= Visual computing =

Computer science disciplines dealing with images and 3D models

Visual computing is a generic term for all computer science disciplines dealing with images and 3D models, such as computer graphics, image processing, visualization, computer vision, virtual and augmented reality, video processing, and computational visualistics. Visual computing also includes aspects of pattern recognition, human computer interaction, machine learning and digital libraries. The core challenges are the acquisition, processing, analysis and rendering of visual information (mainly images and video). Application areas include industrial quality control, medical image processing and visualization, surveying, robotics, multimedia systems, virtual heritage, special effects in movies and television, and ludology. Visual computing also includes digital art and digital media studies.

==History and overview==
Visual computing is a fairly new term, which got its current meaning around 2005, when the International Symposium on Visual Computing first convened. Areas of computer technology concerning images, such as image formats, filtering methods, color models, and image metrics, have in common many mathematical methods and algorithms. When computer scientists working in computer science disciplines that involve images, such as computer graphics, image processing, and computer vision, noticed that their methods and applications increasingly overlapped, they began using the term "visual computing" to describe these fields collectively. And also the programming methods on graphics hardware, the manipulation tricks to handle huge data, textbooks and conferences, the scientific communities of these disciplines and working groups at companies intermixed more and more.

Furthermore, applications increasingly needed techniques from more than one of these fields concurrently. To generate very detailed models of complex objects you need image recognition, 3D sensors and reconstruction algorithms, and to display these models believably you need realistic rendering techniques with complex lighting simulation. Real-time graphics is the basis for usable virtual and augmented reality software. A good segmentation of the organs is the basis for interactive manipulation of 3D visualizations of medical scans. Robot control needs the recognition of objects just as a model of its environment. And all devices (computers) need ergonomic graphical user interfaces.

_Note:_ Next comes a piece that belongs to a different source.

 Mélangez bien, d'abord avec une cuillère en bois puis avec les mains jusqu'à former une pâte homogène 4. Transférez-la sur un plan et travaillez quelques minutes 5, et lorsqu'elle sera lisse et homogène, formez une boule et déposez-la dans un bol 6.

Although many problems are considered solved within the scientific communities of the sub-disciplines making up visual computing (mostly under idealistic assumptions), one major challenge of visual computing as a whole is the integration of these partial solutions into applicable products. This includes dealing with many practical problems like addressing a multitude of hardware, the use of real data (that is often erroneous and/or gigantic in size), and the operation by untrained users. In this respect, Visual computing is more than just the sum of its sub-disciplines, it is the next step towards systems fit for real use in all areas using images or 3D objects on the computer.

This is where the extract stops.